An overriding focus has been to bring an end to the syzygy – “a yoking together of opposites in which the two elements remain distinct” (Middleton 1999: xiv) – of the two different roles I perform daily as artist and teacher, and to resolve the conflict I have experienced within these competing identities. In my writing I have often likened these tensions to the dilemmas faced by a super hero and his everyday alter ego, especially when trying to keep the ‘other’ identity secret, perhaps because “after all, western literary conventions stipulate that plots should have heroes” (Skultans, 1998: xii).

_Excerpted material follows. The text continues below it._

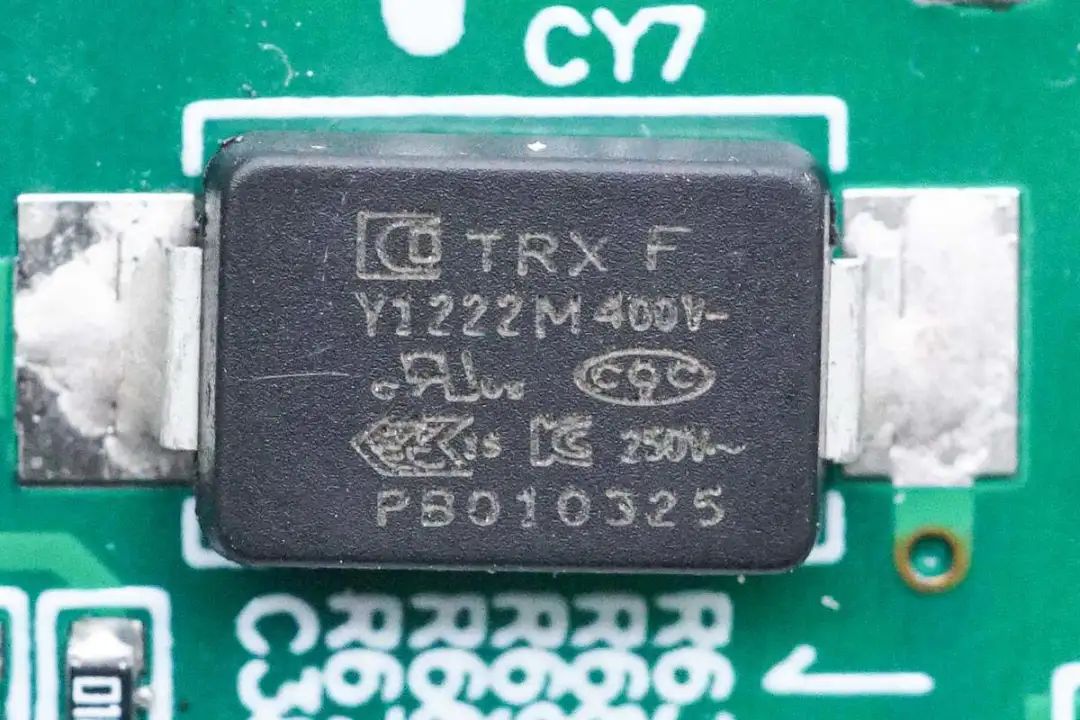 贴片Y电容来自四川特锐祥科技股份有限公司,具有体积小、重量轻等特色,非常适合应用于氮化镓快充这类高密度电源产品中。料号为TMY1222M。

Documentation had a significant emphasis in my first year of the ATMA programme as I explored multiple avenues of enquiry triggered by the catalyst of a fortune cookie bought in a Chinese restaurant. My explorations embraced myth and rumour, street art and interventions, online ‘confessionals’ mixing fact with fiction, and undercover visits to fortune tellers, noting similarities across the seven readings I obtained, just like the work of Francis Alys.

Platt (2010: 50) believes that “Alys is a kind of story teller”, whilst Observer critic Cumming (2010: 37) also captured a spirit in Alys’s work that has inspired elements within my final show, with the title of her review of his Tate Modern retrospective A Story of Deception which stated that “it’s all perfectly pointless, but completely captivating” and “…both heroic and absurd. His art is so often poised between the two.”

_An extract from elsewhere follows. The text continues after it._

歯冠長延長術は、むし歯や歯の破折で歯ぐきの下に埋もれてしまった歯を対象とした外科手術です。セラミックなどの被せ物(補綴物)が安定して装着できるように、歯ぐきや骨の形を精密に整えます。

I believe that my own work (once described as playful yet sincere) sits in a similar position, and shares some common themes with the ‘actions’ Alys has performed. Therefore, when it came to discussing and presenting my ideas, justifying those ‘actions’ needed careful consideration.

One of the major outcomes of this course for me was the introduction to Bourriaud’s seminal writings on ‘relational aesthetics’ (1998) and more recently, the ‘alter modern’, which were very influential when I began outlining the theoretical perspectives underpinning my work, particularly at the start of year 2 when, having resolved the first stage of my enquiries, I took some time before embarking on the next stage of the journey.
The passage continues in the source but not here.